If I take the company out from the query it will use the other indexes:
如果我从查询中取出公司,它将使用其他索引:
+----+-------------+--------------+-------------+----------------------------------------------------+------------------------------------+-------------+------+------+-----------------------------------------------------------------------------------+
| id | select_type | table | type | possible_keys | key | key_len | ref | rows | Extra |
+----+-------------+--------------+-------------+----------------------------------------------------+------------------------------------+-------------+------+------+-----------------------------------------------------------------------------------+
| 1 | SIMPLE | addressboo0_ | index_merge | FX_ADDRESS_KEYS,FK_ADDRESS_2,FK_CLEAN,FK_ADDRESS_1 | FK_CLEAN,FK_ADDRESS_1,FK_ADDRESS_2 | 452,452,452 | NULL | 1089 | Using sort_union(FK_CLEAN,FK_ADDRESS_1,FK_ADDRESS_2); Using where; Using filesort |
+----+-------------+--------------+-------------+----------------------------------------------------+------------------------------------+-------------+------+------+-----------------------------------------------------------------------------------+
If I use the same query (incl company) for a different company it suddenly uses the multi-column index:
如果我对不同的公司使用相同的查询(包括公司),它会突然使用多列索引:
+----+-------------+--------------+-------+----------------------------------------------------------------------+-----------------+---------+------+------+-------------+
| id | select_type | table | type | possible_keys | key | key_len | ref | rows | Extra |
+----+-------------+--------------+-------+----------------------------------------------------------------------+-----------------+---------+------+------+-------------+
| 1 | SIMPLE | addressboo0_ | index | FK_ADDRESS_BOOK_2,FX_ADDRESS_KEYS,FK_ADDRESS_2,FK_CLEAN,FK_ADDRESS_1 | FX_ADDRESS_KEYS | 1364 | NULL | 492 | Using where |
+----+-------------+--------------+-------+----------------------------------------------------------------------+-----------------+---------+------+------+-------------+
So for company 1 it has 266 results while for company 16 it has 437. In total company 1 has 4109 entries while company 16 has 7745 entries.

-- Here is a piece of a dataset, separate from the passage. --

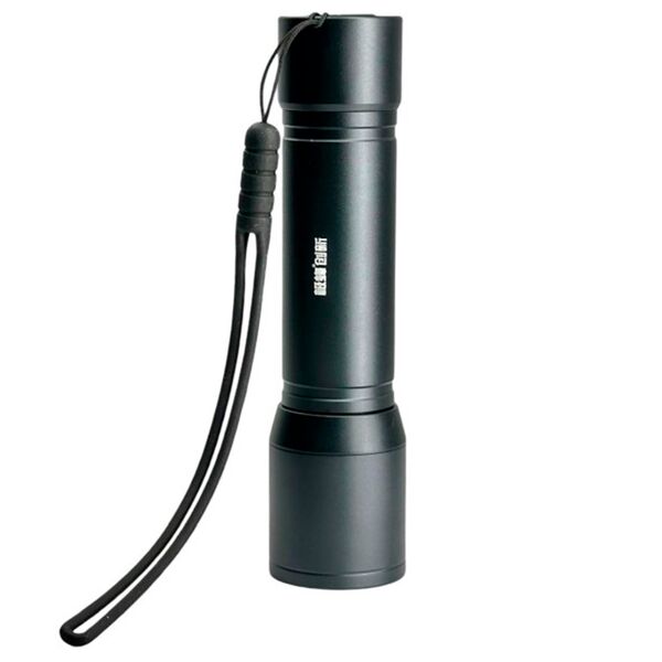 Благодаря кнопке в основании фонарик может переключаться между тремя режимами освещения: низкая яркость, высокая яркость и режим мерцания. Ремешок.
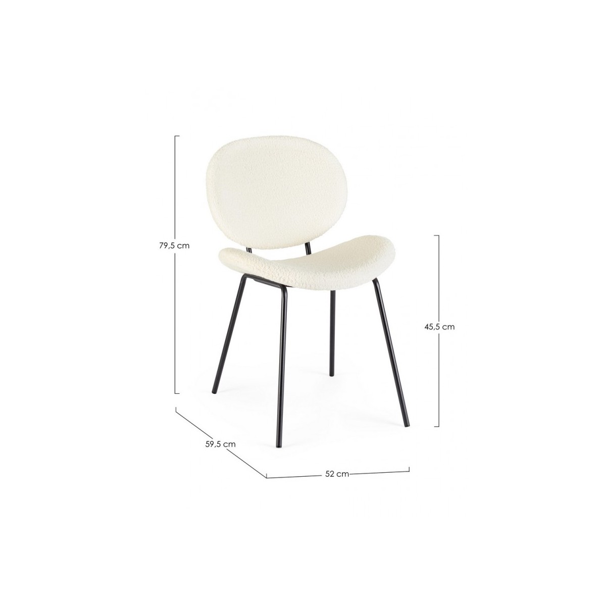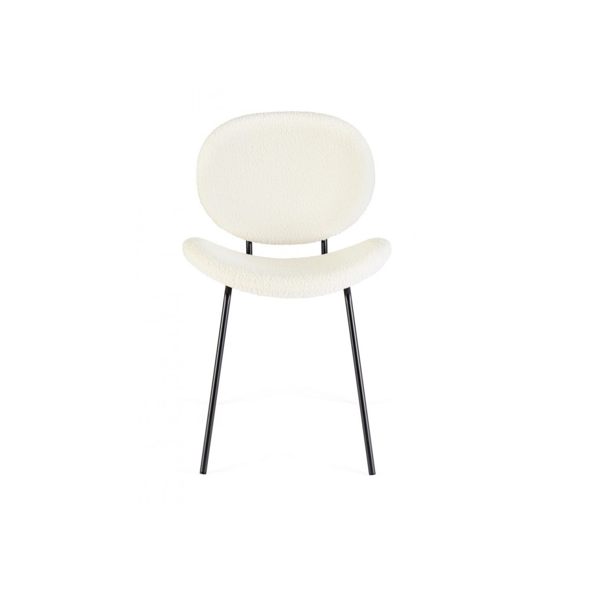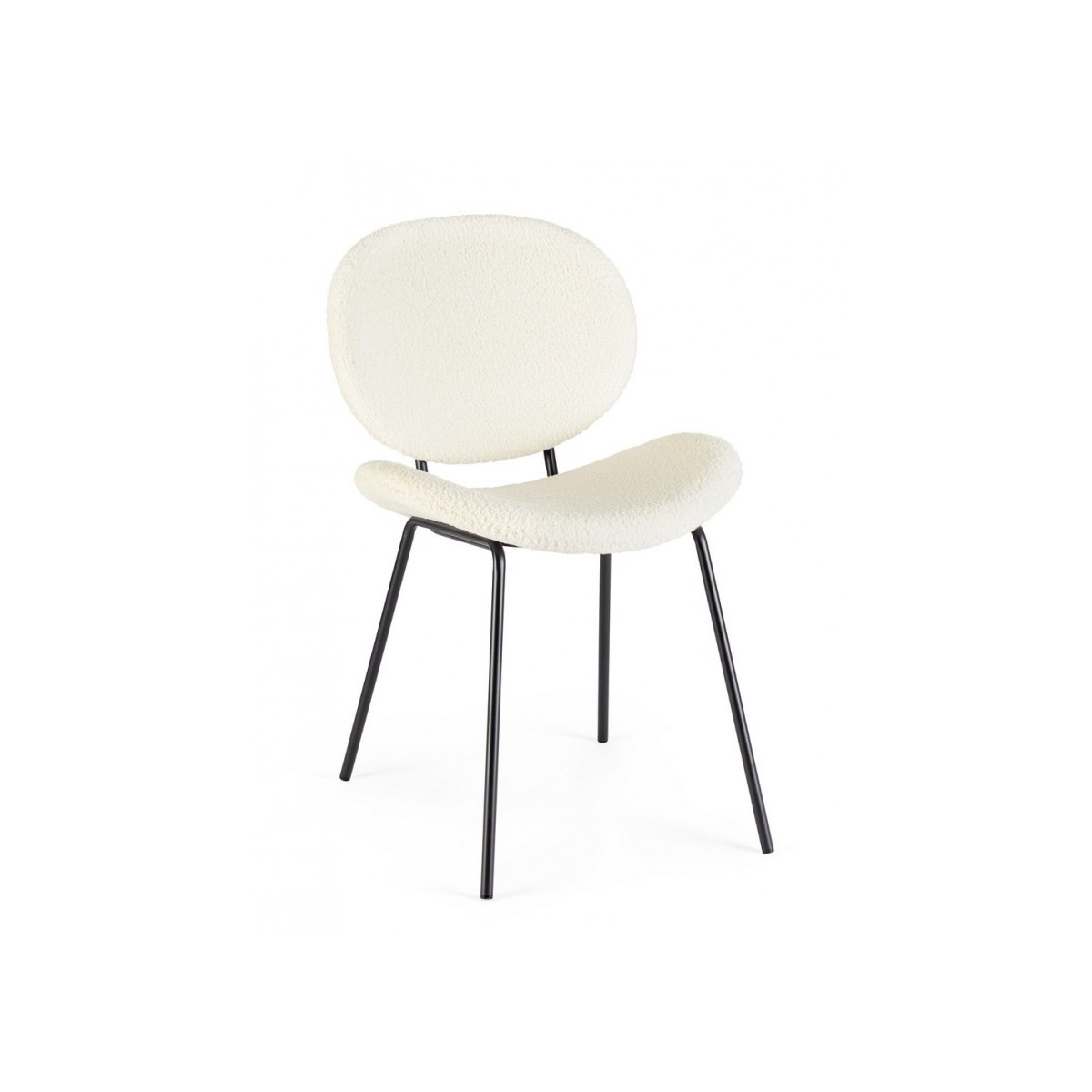 STRUTTURA IN ACCIAIO VERNICIATO A POLVERE EPOSSIDICA. SEDUTA E SCHIENALE IN POLIESTERE EFFETTO BOUCLE'. GAMBE DA ASSEMBLARE.

因此,对于公司1,它有266个结果,而对于公司16,它有437个。总公司1有4109个条目,而公司16有7745个条目。
So I am rather confused. Why is MySQL using the multi-column index FX_ADDRESS_KEYS for one company but the rather inefficient FK_ADDRESS_BOOK_2 for the other company (basically going through every single row for that company).
所以我很困惑。为什么MySQL使用多列索引FX_ADDRESS_KEYS用于一家公司,但效率相当低的FK_ADDRESS_BOOK_2用于另一家公司(基本上通过该公司的每一行)。
How can I improve the query/index? If I remove the or for ADDRESS_KEY_1 and ADDRESS_KEY_2 it is using the FX_ADDRESS_KEYS index but I lose the ability to search for Strings inside the name. If I use something like '%trade%' no index can be used.
如何改进查询/索引?如果我删除了或者对于ADDRESS_KEY_1和ADDRESS_KEY_2它正在使用FX_ADDRESS_KEYS索引,但是我失去了在名称中搜索字符串的能力。如果我使用'%trade%'之类的东西,则不能使用索引。
1 个解决方案
#1
1
If you want to have a pretty looking explain plan for this query, then try this:
如果您希望为此查询提供漂亮的解释计划,请尝试以下操作:
CREATE INDEX FX_ADDRESS_KEYS_XX ON ADDRESS_BOOK(
COMPANY_ID,
CLEAN_NAME,
ADDRESS_KEY_1,
ADDRESS_KEY_2 );
This index should improve the query, but at some costs.
It contains a copy of almost the whole table (except 2 columns: ADD_BOOK_ID bigint(20)
and ADDRESS_NAME varchar(150)
) - it will take quite a lot of disk space.
And it for sure slow down inserts and updates, since index data must also be updated.
此索引应该改进查询,但需要付出一些代价。它包含几乎整个表的副本(除了2列:ADD_BOOK_ID bigint(20)和ADDRESS_NAME varchar(150)) - 它将占用相当多的磁盘空间。它肯定会减慢插入和更新速度,因为索引数据也必须更新。
#1
1
If you want to have a pretty looking explain plan for this query, then try this:
如果您希望为此查询提供漂亮的解释计划,请尝试以下操作:
CREATE INDEX FX_ADDRESS_KEYS_XX ON ADDRESS_BOOK(
COMPANY_ID,
CLEAN_NAME,
ADDRESS_KEY_1,
ADDRESS_KEY_2 );
This index should improve the query, but at some costs.
It contains a copy of almost the whole table (except 2 columns: ADD_BOOK_ID bigint(20)
and ADDRESS_NAME varchar(150)
) - it will take quite a lot of disk space.
And it for sure slow down inserts and updates, since index data must also be updated.
此索引应该改进查询,但需要付出一些代价。它包含几乎整个表的副本(除了2列:ADD_BOOK_ID bigint(20)和ADDRESS_NAME varchar(150)) - 它将占用相当多的磁盘空间。它肯定会减慢插入和更新速度,因为索引数据也必须更新。